Currently other applications within healthcare are being explored, such as:
- Forecasting changes in mood, stress, and health
- Measuring blood alcohol content
- Measuring athletic performance
- Monitoring how sick the user is
- Long-term monitoring of patients with heart and circulatory problems that records an electrocardiogram and is self-moistening
- Health Risk Assessment applications, including measures of frailty and risks of age-dependent diseases
- Automatic documentation of care activities.
While wearables can collect data in aggregate form, most of them are limited in their ability to analyze or make conclusions based on this data; thus, most are used primarily for general health information. (An exception is seizure-alerting wearables, which continuously analyze the wearer's data and make a decision about calling for help; the data collected can then provide doctors with objective evidence that they may find useful in diagnoses.) Wearables can account for individual differences, although most just collect data and apply one-size-fits-all algorithms.
Today, there is a growing interest to use wearables not only for individual self-tracking, but also within corporate health and wellness programs.

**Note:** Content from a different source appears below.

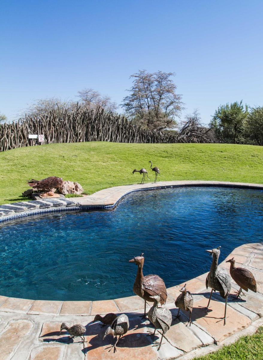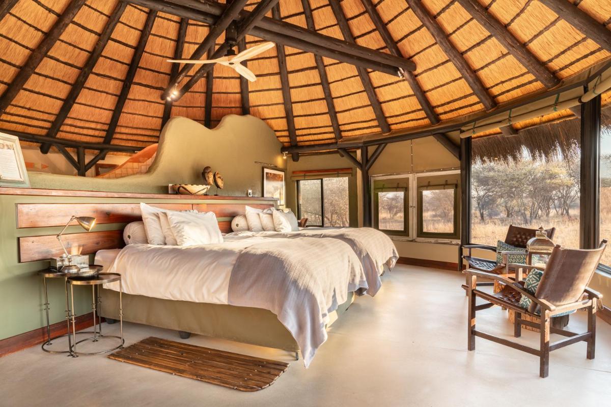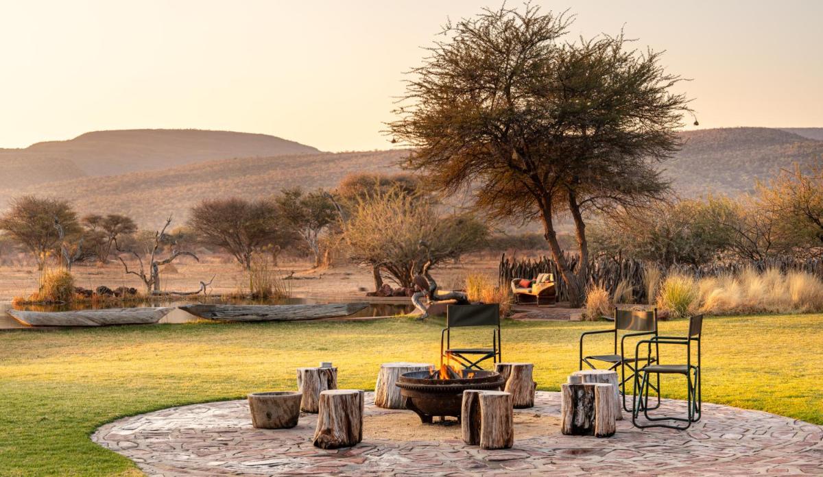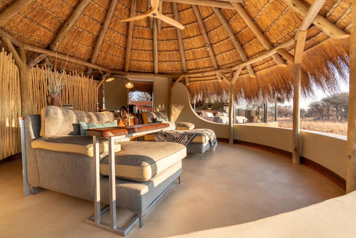 Okonjima Luxury Bush Camp, nestled in Otjiwarongo's serene nature reserve, offers luxurious accommodation with complimentary private parking and free Wi-Fi. Each chalet features an open pavilion named "Sala," equipped with a mini-bar and seating area. Guests enjoy a continental breakfast daily and access an outdoor pool. Ideal for couples, this camp rates highly at 10.0 out of 5 for a two-person trip. Located 14 miles from the B1 highway, it's conveniently situated near Ombu Museum and other nearby attractions.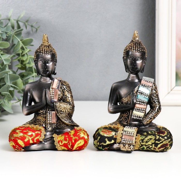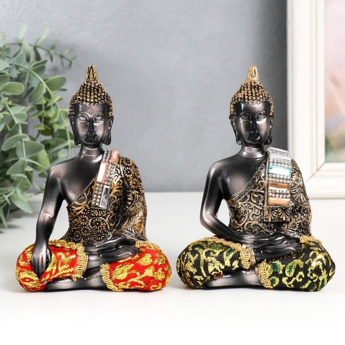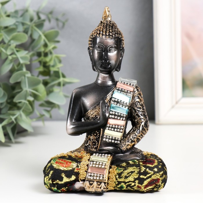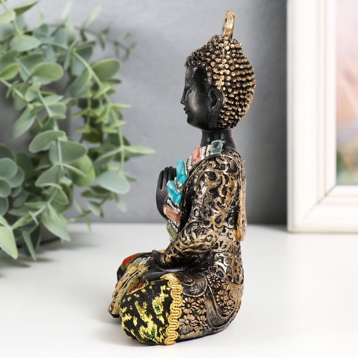 Сувенир полистоун "Будда в цветной тоге с узорами. Сидит" МИКС 10х6,2х15,5 см

Given that wearables create a massive data trail which employers could repurpose for objectives other than health, more and more research has begun to study the dark side of wearables. Asha Peta Thompson founded Intelligent Textiles Limited, Intelligent Textiles, who create woven power banks and circuitry that can be used in e-uniforms for infantry.
Epidermal (skin) Electronics
Epidermal electronics is an emerging field of wearable technology, termed for their properties and behaviors comparable to those of the epidermis, or outermost layer of the skin. These wearables are mounted directly onto the skin to continuously monitor physiological and metabolic processes, both dermal and subdermal. Wireless capability is typically achieved through battery, Bluetooth or NFC, making these devices convenient and portable as a type of wearable technology. Currently, epidermal electronics are being developed in the fields of fitness and medical monitoring.
Current usage of epidermal technology is limited by existing fabrication processes. Its current application relies on various sophisticated fabrication techniques such as by lithography or by directly printing on a carrier substrate before attaching directly to the body. Research into printing epidermal electronics directly on the skin is currently available as a sole study source.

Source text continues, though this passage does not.